I’ve been meaning to reflect lately. I don’t know why I’ve
been putting it off for so long. Maybe I’m afraid of the results? I don’t know.
In any case, I’ve been struggling for the past week or so,
trying to figure out who I am as a teacher in this strange new environment. The
classroom I’m in now is unlike anything I’ve ever experienced.
All of my observations, practicums, and student teaching
were all in English Honors classrooms. While observations are very relevant and
helpful for a teacher-in-training (I still consider myself in that stage), they
do NOT paint a real picture of what teaching is really like. The things I
learned observing and working in Honors level classrooms are not reality. At
least, it is not reality for me now. I feel like I’ve been trained to work with
only honors students. I feel like I know exactly how to challenge them, and
assess them, and design lessons around them. But I do not have such students
now. Far from it, actually. That’s not an insult to the students I have. They’re
still bright and curious students at times, but not to the caliber I’m used to.
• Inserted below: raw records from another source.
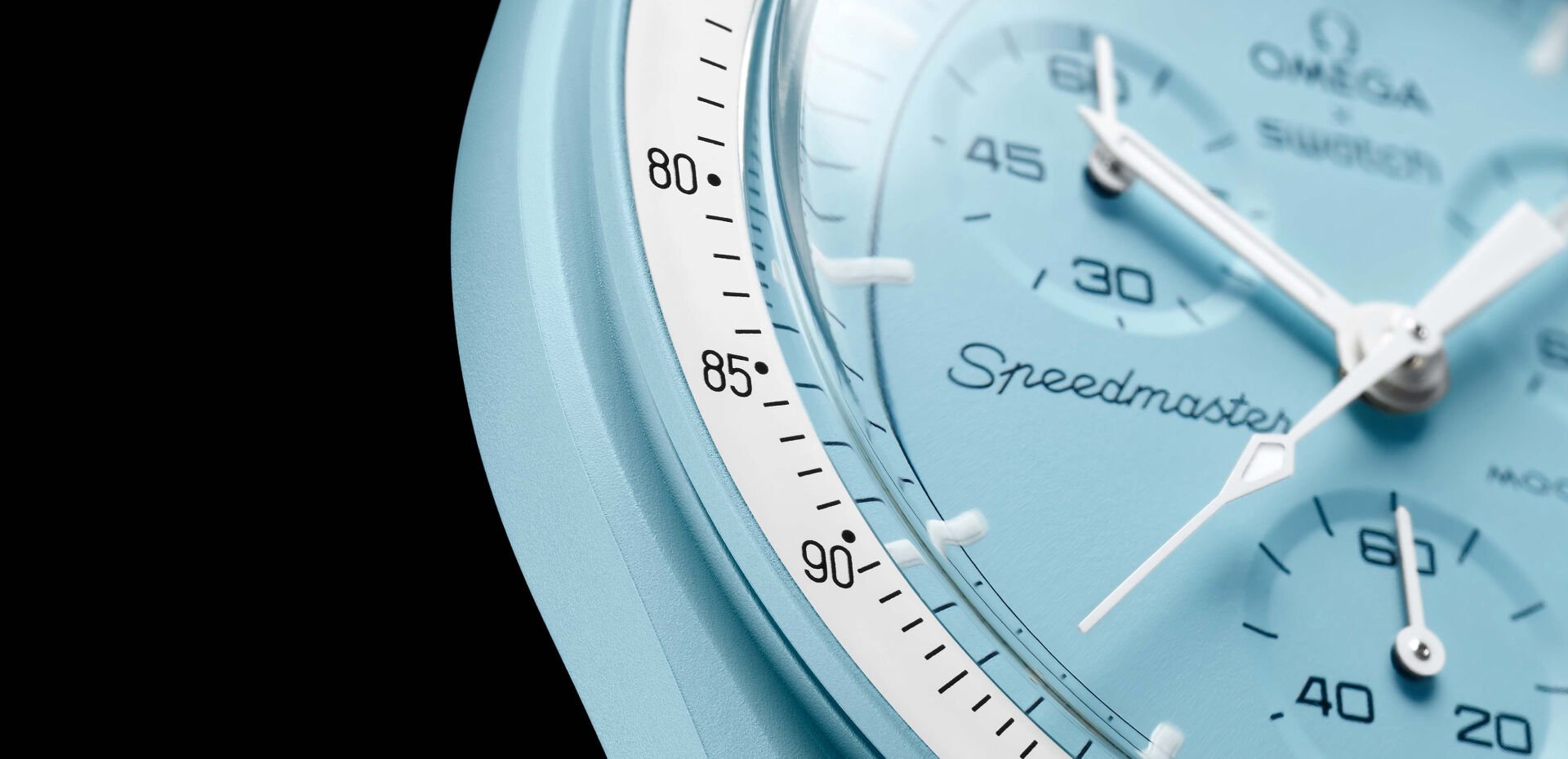 Neste modelo não limitado, o azul pastel encontra uma pulseira de VELCRO® branca brilhante. Todos os ponteiros são brancos. Uma escala taquimétrica preta adorna o bisel branco. Todos os mostradores da coleção exibem a marca OMEGA X Swatch, o icônico logotipo Speedmaster e o logotipo MoonSwatch. A construção em vidro de origem biológica, o "S" gravado integrado ao centro do vidro, o padrão circular fino e sofisticado no anel externo do mostrador e os submostradores embutidos, a construção angular e suave das asas, o icônico detalhe do "ponto sobre 90" na escala taquimétrica e, claro, a sensação única da Biocerâmica são comuns a todos os modelos. Os ponteiros de horas, minutos e segundos do cronógrafo, bem como os marcadores de horas, possuem Super-LumiNova® para um brilho perfeito no escuro.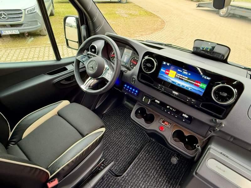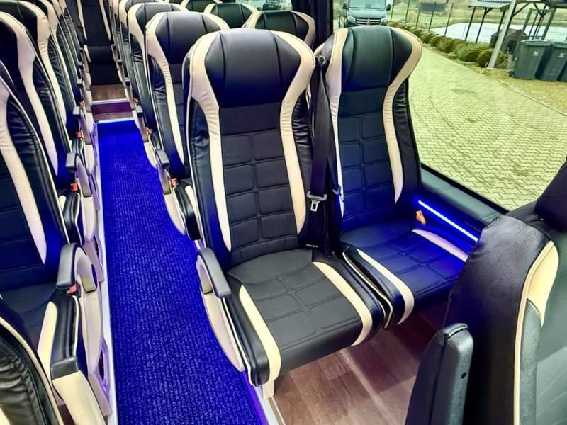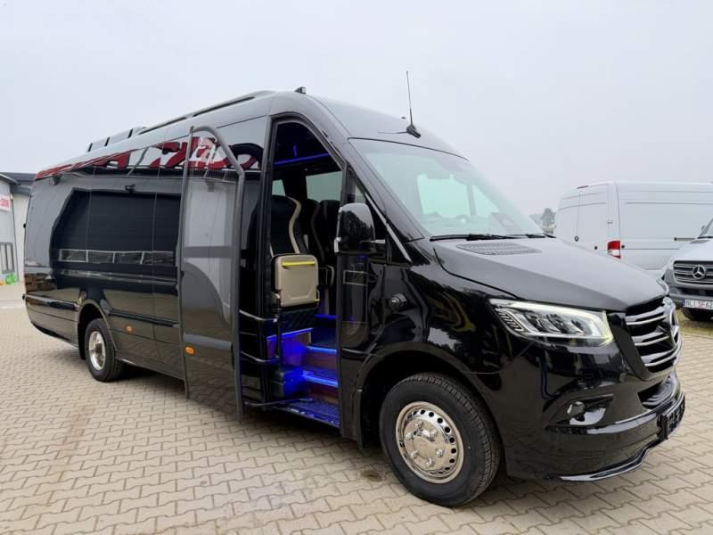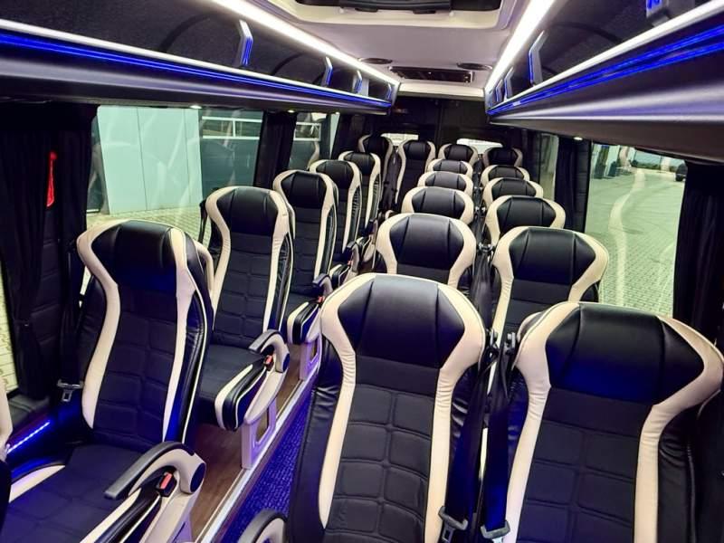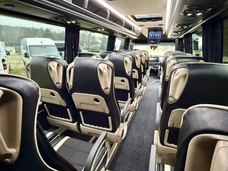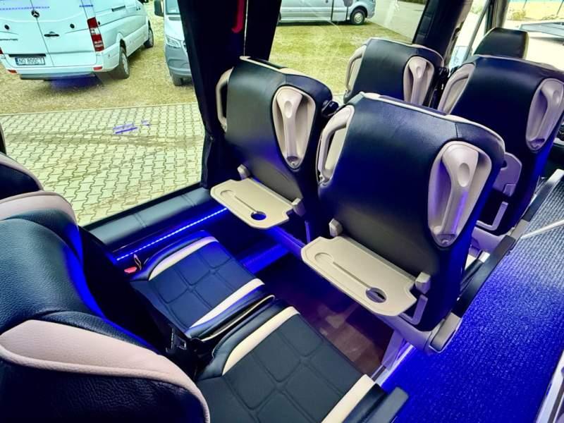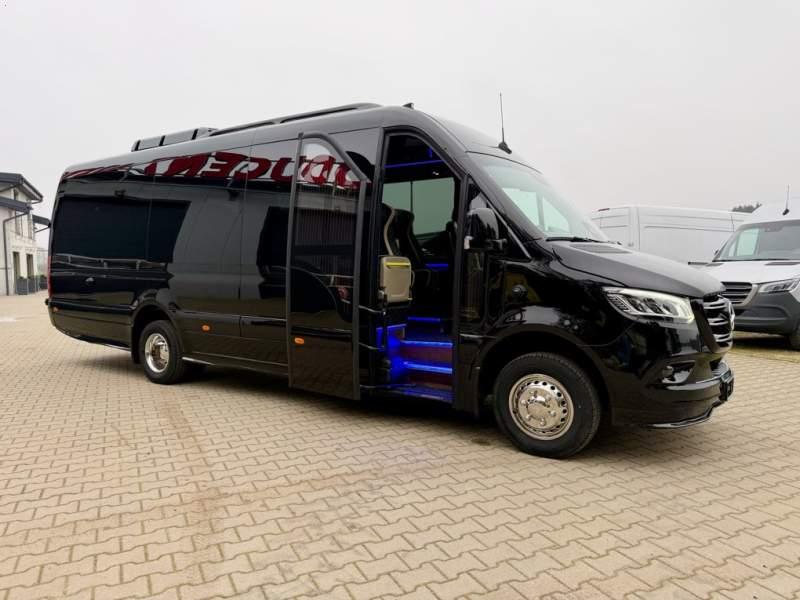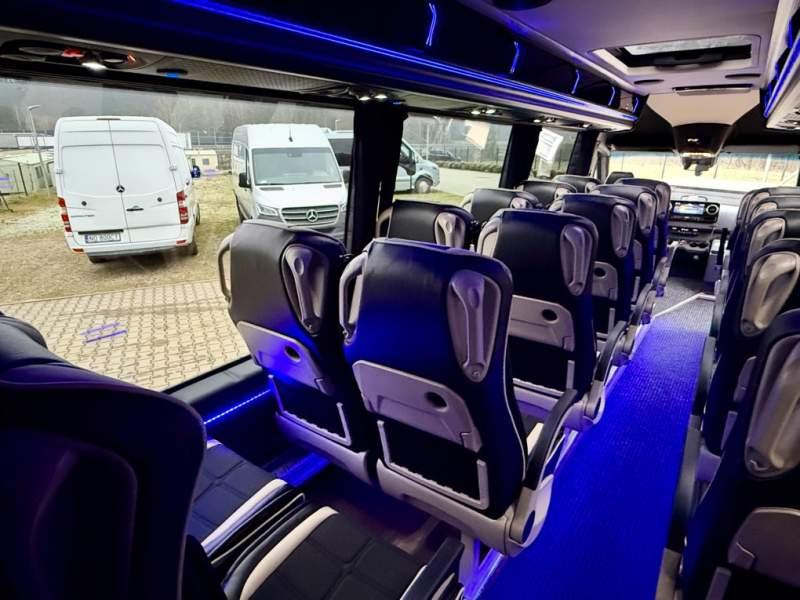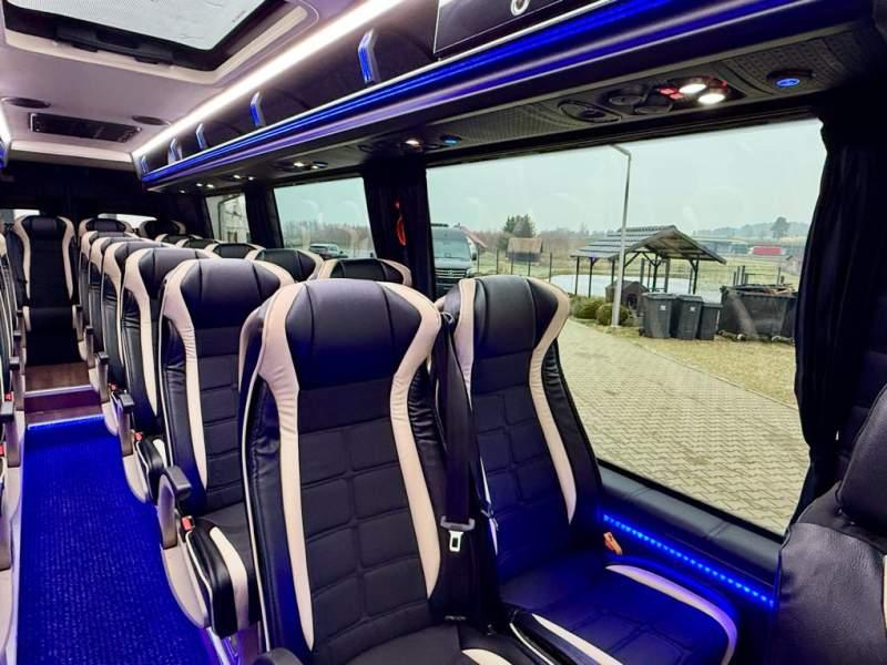 Fabrycznie nowy autobus Autobus dostępny od zaraz ! Nr. oferty: 897 Mercedes-Benz Elegantbus Sprinter 519 EURO VI E GSR II 22+1+1 miejsc siedzących z możliwością szybkiej zmiany na 19+1+1 miejsc siedzących i zwiększenia przestrzeni bagażowej ! Full Panorama Relingi dachowe Wersja XXXL o długości 7, 87 m Pojemność: 1950 cm3 Pakiet stylistyczny Moc: 190 KM Rok produkcji: 2025 Kolor: Czarny Obsidian Metalik PODSTAWOWE I DODATKOWE WYPOSAŻENIE BAZOWE – ABS, SRS, ESP – Wspomaganie kierownicy – Automatyczna 9 stopniowa skrzynia biegów – Centralny zamek, immobiliser – Reflektory przednie w technologii LED – Światła przeciwmgłowe przednie z funkcja doświetlania zakrętów – Tylne lampy częściowo w technologii LED – Asystent utrzymania pasa ruchu – Tempo 100 km/h – Elektryczne szyby – Sensor świateł oraz deszczu – Tempomat – Kierownica wielofunkcyjna, trójramienna – Stabilizacja poziom II – Wzmocnione opony 205/75/R16C – Dogrzewacz elektryczny PTC – Klimatyzacja półautomatyczna TEMPTRONIC – Fotel kierowcy komfortowy z podłokietnikiem – Światła z funkcją świateł do jazdy dziennej – Lusterko wsteczne – Asystent pasa ruchu – Zamykany schowek na kokpicie – Akumulator AGM 12V 95 Ah – Lusterko wsteczne wewnętrzne – Zbiornik paliwa powiększony: 93 litry – Chlapacze przednie – Chlapacze tylnie – Drugi akumulator w komorze silnika – Nawigacja satelitarna – Apple Car Play - Android Auto FOTELE PRZEDZIAŁU PASAŻERSKIEGO – Komfortowe turystyczne fotele przedziału pasażerskiego (regulacja oparcia oraz przesuw boczny) w kolorze jasno brązowym – Fotele posiadają pasy bezpieczeństwa, podłokietniki, siateczki, stoliki, rączki, komfortowe zagłówki, – Fotele montowane na podestach – Fotel pilota na słupku B PRZESZKLENIE POJAZDU – Szyby boczne panoramiczne – Szyby podwójne, przyciemniane fabrycznie – Firanki przeciwsłoneczne na prowadnicach – Szyby drzwi elektrycznych podgrzewane SYSTEMY GRZEWCZE – Grzejniki konwektorowe wodne zainstalowane w przedziale pasażerskim po lewej i prawej stronie – Postojowe ogrzewanie wodne, oryginalne EBERSCHPRECHER 5 kW KLIMATYZACJA – Automatyczna Klimatyzacja dachowa WEBASTO 12, 5 kW OŚWIETLENIE – Oświetlenie indywidualne – Oświetlenie postojowe – Oświetlenie nocne – Podświetlane stopnie wejściowe – Podesty z podświetleniem LED – Lampy obrysowe dachowe LED – Dodatkowe oświetlenie ambientowe na bokach pojazdu w listach imitacja mahoń MULTIMEDIA – System multimedialny MBUX 10, 5 cala – Oryginalna Kamera Cofania – Mikrofon – Nagłośnienie przestrzeni pasażerskiej PIONNER – Gniazda USB dla każdego rzędu siedzeń – Przetwornica 230v PRZECHOWYWANIE BAGAŻU I UBRAŃ – Turystyczne półki bagażowe – Lodówka o pojemności 40 litrów – Pogłębiony tylny bagażnik – Wieszaki ubraniowe ELEMENTY BEZPIECZEŃSTWA – Podłoga antypoślizgowa PCV, odporna na ścieranie, wodoodporna – Szyberdach wentylacyjny / wyjście awaryjne – Młotki bezpieczeństwa – Dodatkowa gaśnica 2 kg ELEMENTY FUNKCJONALNE – Elektryczne drzwi wejściowe – Dodatkowe sterowanie drzwi elektrycznych z pilota – Podwójny stopień wejściowy oświetlony LED – Przedłużenie pojazdu w tylnej części – Hak holowniczy LIFTING ZEWNĘTRZNY – Lakierowane zderzaki, listwy, klamki, lusterka i grill w kolorze pojazdu – Spojlery dolne w kolorze nadwozia – Relingi dachowe Sprzedający: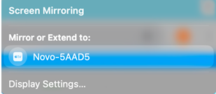 Step 1: Go to the top-right corner and click the Wi-Fi icon. Ensure your Macbook’s Wi-Fi settings and the NovoConnect device are on the same network, or directly connect to the NovoConnect hotspot(e.g., the NovoConnect device name is NVC_5AAD5)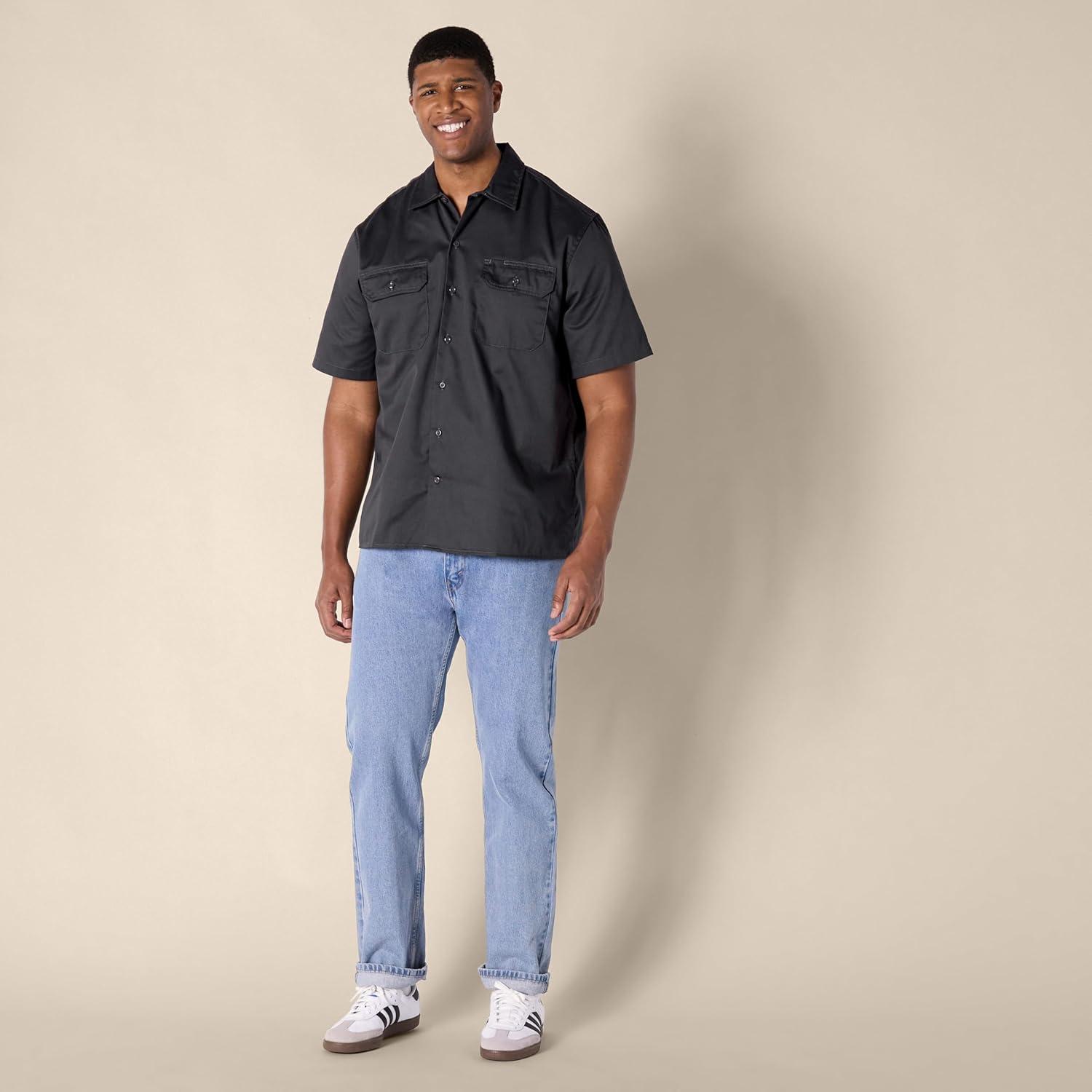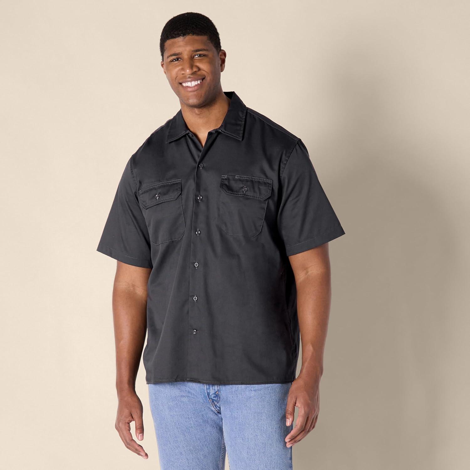Crafted from a poly-cotton blend, this men's button down shirt provides durability and performance, making it ideal for various occasions. This shirt offers a relaxed fit through the shoulders, chest, and waist. The classic styling makes it a versatile piece suitable for clothing enthusiasts. With its stain and wrinkle-resistant properties, this men's button-down short-sleeve shirt stands up to daily wear, making it a practical choice for everyday men's clothes. The spread collar construction, center front button placket, and double chest pockets with button closure add a touch of functionality.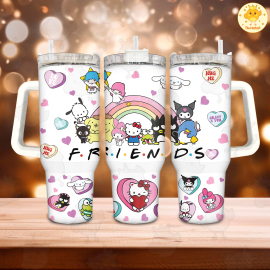 Hug Me Friends Hello Kitty Cats Valentine 30oz or 40oz Quencher Tumbler, Valentine Cartoon 40oz Tumbler, Pink Cat Tumbler, Valentine Movies Gift Tumbler HFN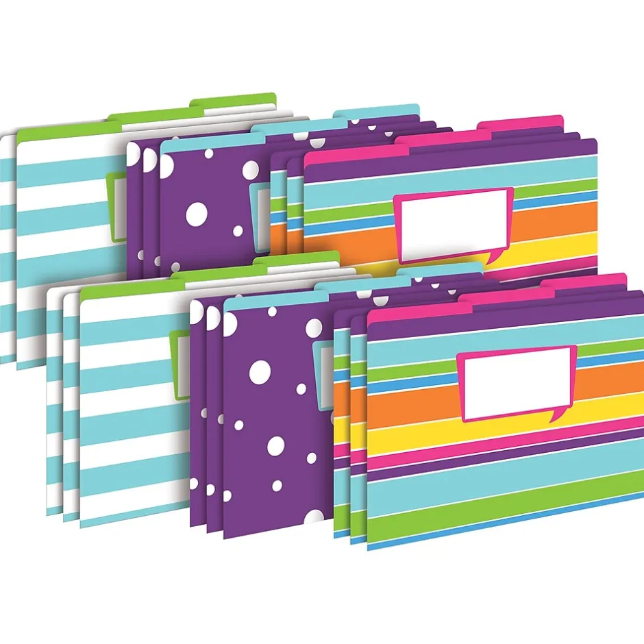 Barker Creek’s Happy legal-sized fashion file folders are raising the style bar for those of us who use legal folders at work, school, and home. Each set includes 18 beautifully designed legal-sized file folders – six folders each of three on-trend designs. The folders are 1/3 cut and printed on durable 12 pt. stock. Fully reversible, each folder has a colorful design on one side and a vibrant, solid color on the reverse side – perfect for color-coding your files, making file folder games and lap books. The possibilities are limited only by your imagination! Coordinating products available: Search Barker Creek Happy.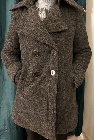 Abrigo de lana de Zara en color gris. Un clásico para mantenerte abrigada con estilo. - Diseño de doble botonadura. - Cuello solapa. - Bolsillos frontales.

(I’m trying my best to try not to make it sound like I’m
whining or complaining. That’s not the tone I’m going for here.)
They refuse to engage. I’m not exaggerating. My students,
with the exception of a select few, refuse to engage. Discussions are nearly
impossible. They’re painful for me, really, because if I’ve discovered anything
about myself during my time at Rancho, it is that I thrive off the back and
forth between students and teacher during instructional time. I work off their
energy as they answer my questions verbally as I guide them through a lesson.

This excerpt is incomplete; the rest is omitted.